積算の業務を行わなければ、実際にかかる工事費が分からず、利益をあげることができなくなり事業として成り立ちません。
そのため、積算は会社の経営にも直結する重要な仕事といえるでしょう。
積算の仕事がきつい・やめとけと言われる理由
ここからは私の経験をもとに積算の仕事の大変なところについていくつかご紹介したいと思います。
責任が大きい
積算は会社の利益に繋がる仕事で、規模が大きくなると扱う金額も数千万~億単位となります。
1つのミスでも多大な損失に繋がってしまうということもあり、責任が大きな仕事となっています。
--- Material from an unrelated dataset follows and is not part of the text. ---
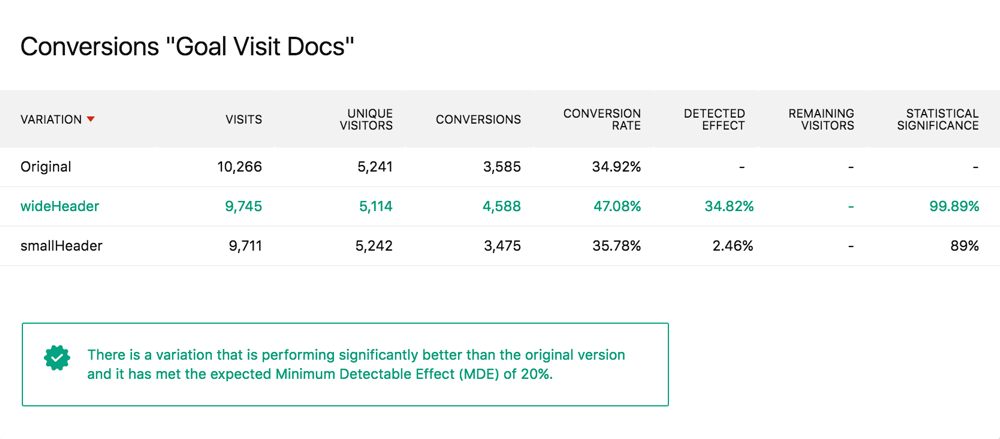 Get a detailed breakdown of your test's variations with all the metrics that matter. If one reaches statistical significance within the desirable detectable effect, you'll be informed right away so you can roll out the changes confidently.

そのため、かなりの緊張感を持って仕事に向き合わなければなりません。
以前、私が担当した小学校の改修に伴う拾い出しの作業では、税金が関わる案件のためかなり慎重に作業しなければならず、とても緊張したのを覚えています。
残業がある
建築は比較的に残業が多いといわれる業界です。
積算業務も同様に、案件の数が多いときや繁忙期は残業することがあります。
また、突然近日中に見積が欲しいと言われるなど、スケジュールが厳しい際は残業や休日出勤などで対応することもあります。
建築の豊富な知識が必要
積算業務は図面を読み取って行いますが、材料など全ての情報が記載されているわけではありません。
例えば、土間コンクリートを算出する際、コンクリートの数量以外に骨組みとなる鉄筋や型枠、運搬の手間なども同時に算出しなければなりません。
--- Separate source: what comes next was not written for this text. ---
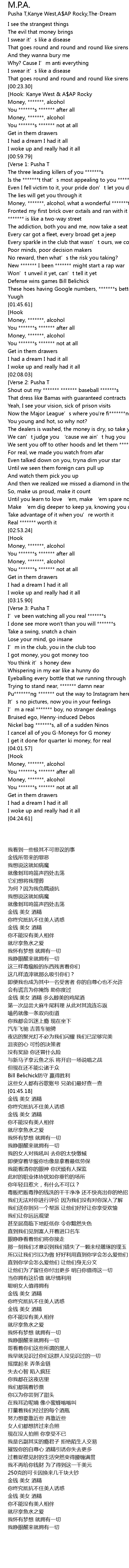 | [02:54.74] | Money, *******, alcohol |

このように、図面に書かれていないことも想像して行わなければならないため、建築の豊富な知識が必要となります。
私が初めて積算業務を行った際は、何を拾えば良いのか分からず、ネットなどで調べても出てこないことが多いため、上司に何度も教えてもらいながらの作業でとても苦労したのを覚えています。
一人前になるためには、常に勉強しながら経験を積まなければならないため、大変に感じることも多いでしょう。
詳細な図面がない場合がある
平面図や立面図など様々な図面を見て積算していきますが、全ての図面が準備されているとは限りません。
設計士によっては詳細図を丁寧に用意してくれる方もいますが、図面が粗い方もいます。
そのため、詳細を確認しながら、建物をイメージしながら数量を算出しなければならず、根気強さが求められる仕事です。
私も積算の拾い出しの作業は苦手な部分があります。
計算自体は足し算や引き算、掛け算など難しいものはないのですが、図面から建物の細部をイメージして材料を算出するので、複雑な所はかなり神経を使います。
同じ作業の繰り返しである
担当する案件によって、材料や工法など様々な知識を得ることができ、達成感のある仕事だと思います。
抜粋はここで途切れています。